_PROBLEM_. Copy each line below exactly as it appears. Pictures are to be omitted.

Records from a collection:
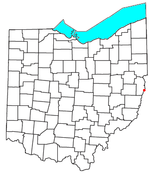 Locator map of the unincorporated community of Brilliant in Jefferson County, Ohio, United States.
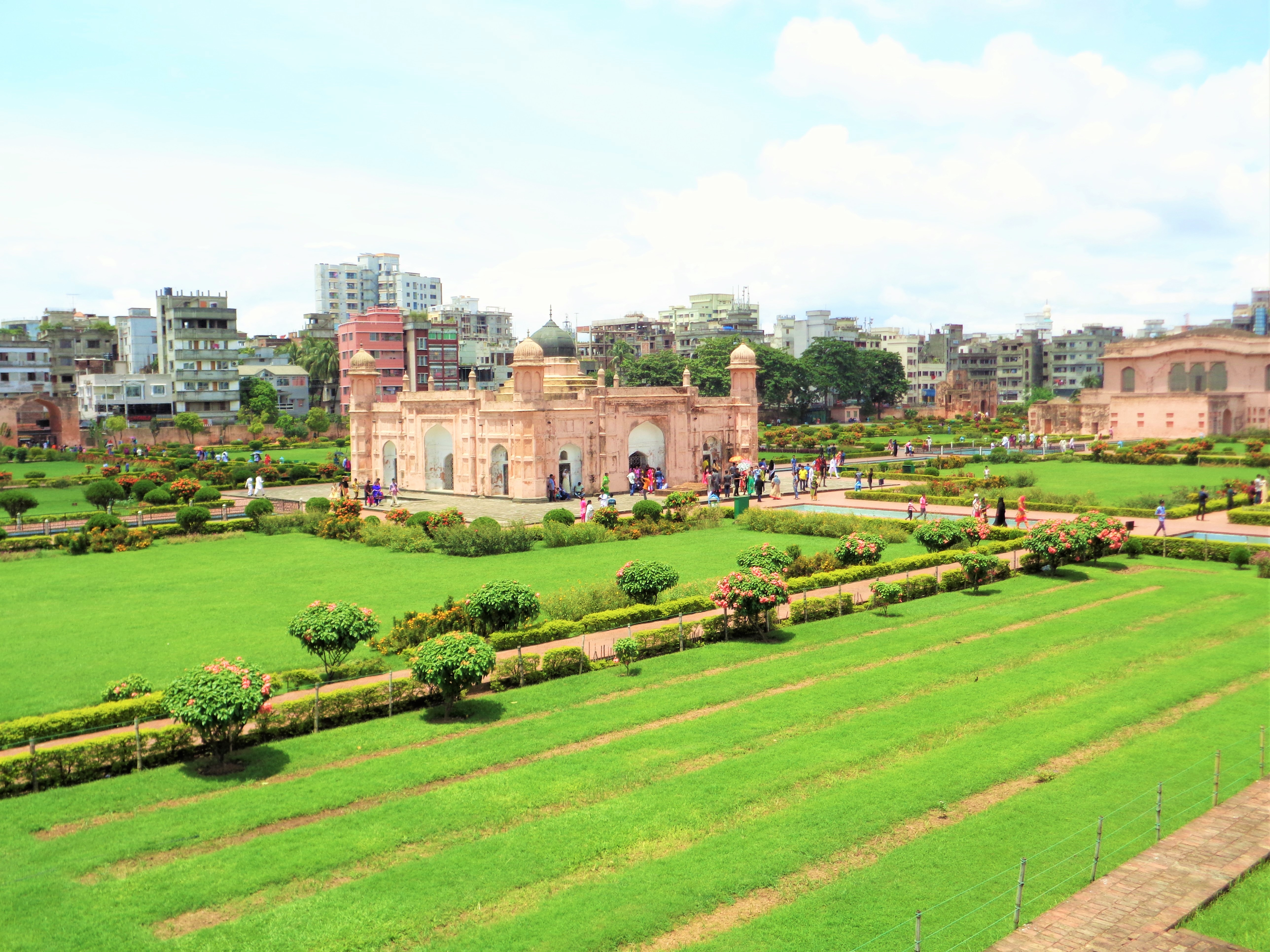 A view of Lalbagh Fort, captured from the top of the water tank.
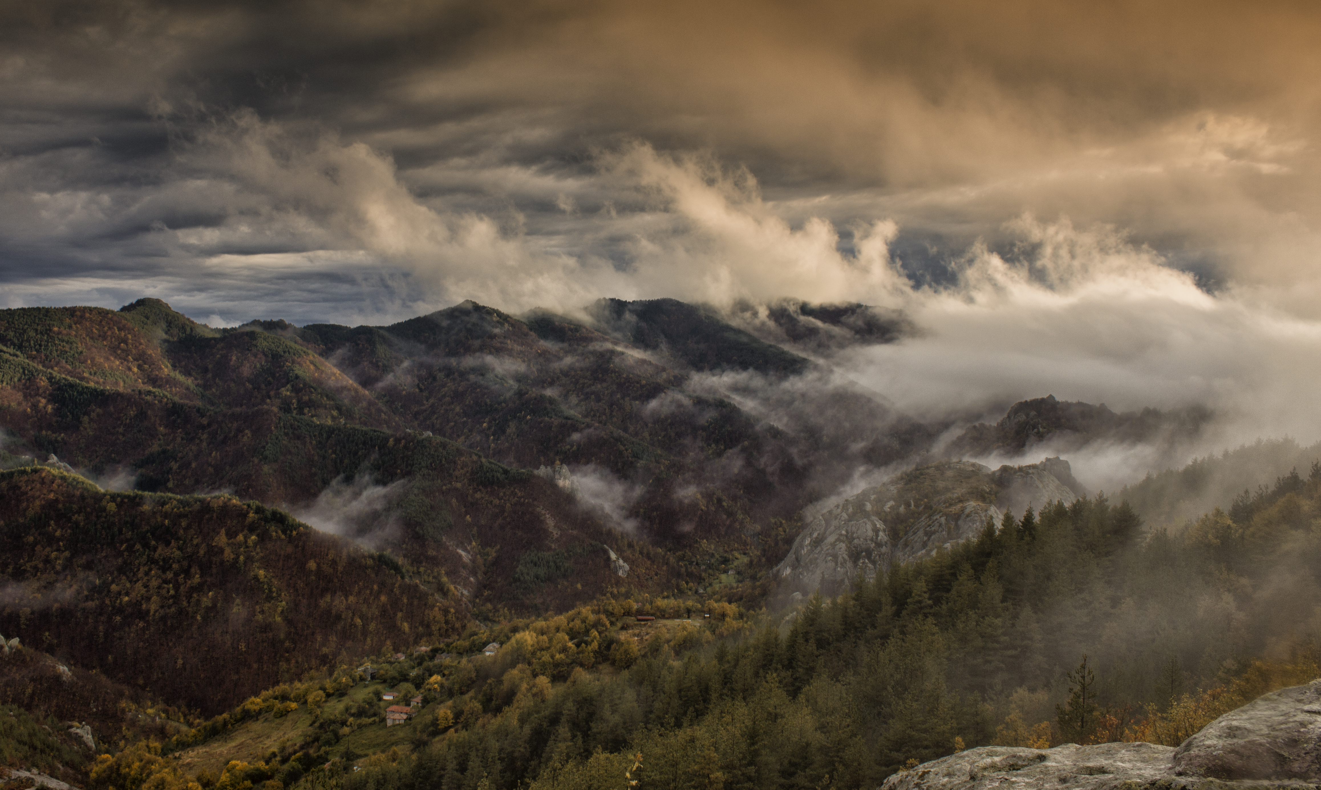 View from Belintash, Rhodope Mountain, Bulgaria
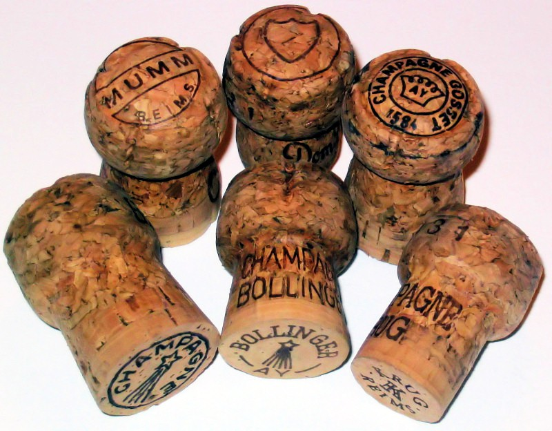 6 Champagne Corks. On front row (from left to right): a generic cork, Bollinger, Krug. On back row Mumm, Dom Pérignon, Gosset. The aging of the champagne post disgorgement can to some degree be told by the cork, as the longer it has been in the bottle the less it returns to is original cylinder shape. On the front line of this photo the youngest cork is on the left and the oldest on the right.
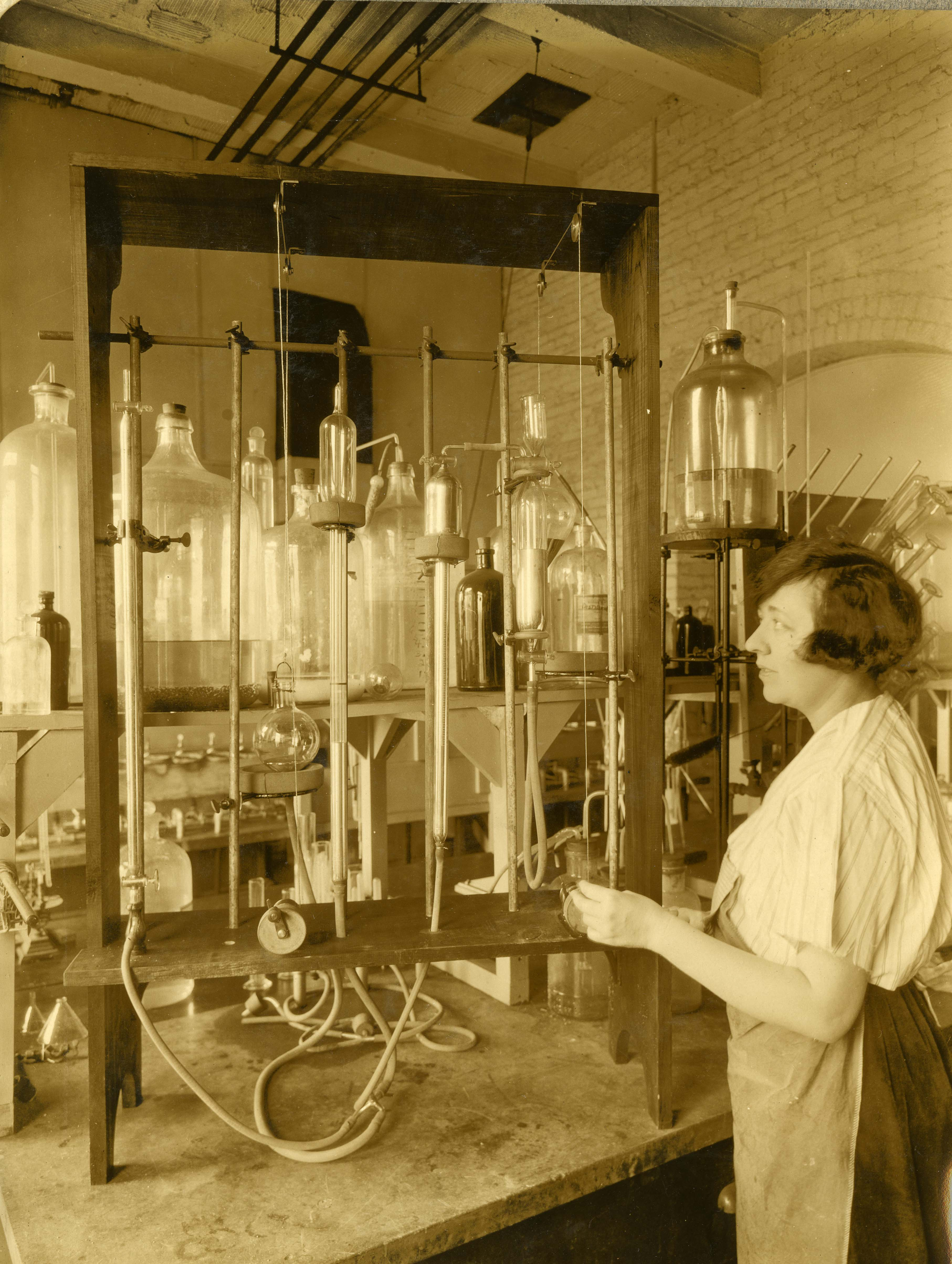 Mrs. M. K. Murray demonstrating a nitrometer in the laboratory.
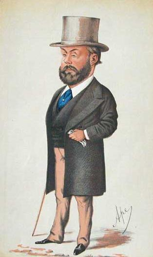 Chromolithographic caricature of Mr Algernon Borthwick, later 1st Baron Glenesk. Caption read "The Morning Post".

_WRITTEN RESPONSE_.
 Locator map of the unincorporated community of Brilliant in Jefferson County, Ohio, United States.
 A view of Lalbagh Fort, captured from the top of the water tank.
 View from Belintash, Rhodope Mountain, Bulgaria
 6 Champagne Corks. On front row (from left to right): a generic cork, Bollinger, Krug. On back row Mumm, Dom Pérignon, Gosset. The aging of the champagne post disgorgement can to some degree be told by the cork, as the longer it has been in the bottle the less it returns to is original cylinder shape. On the front line of this photo the youngest cork is on the left and the oldest on the right.
 Mrs. M. K. Murray demonstrating a nitrometer in the laboratory.
 Chromolithographic caricature of Mr Algernon Borthwick, later 1st Baron Glenesk. Caption read "The Morning Post".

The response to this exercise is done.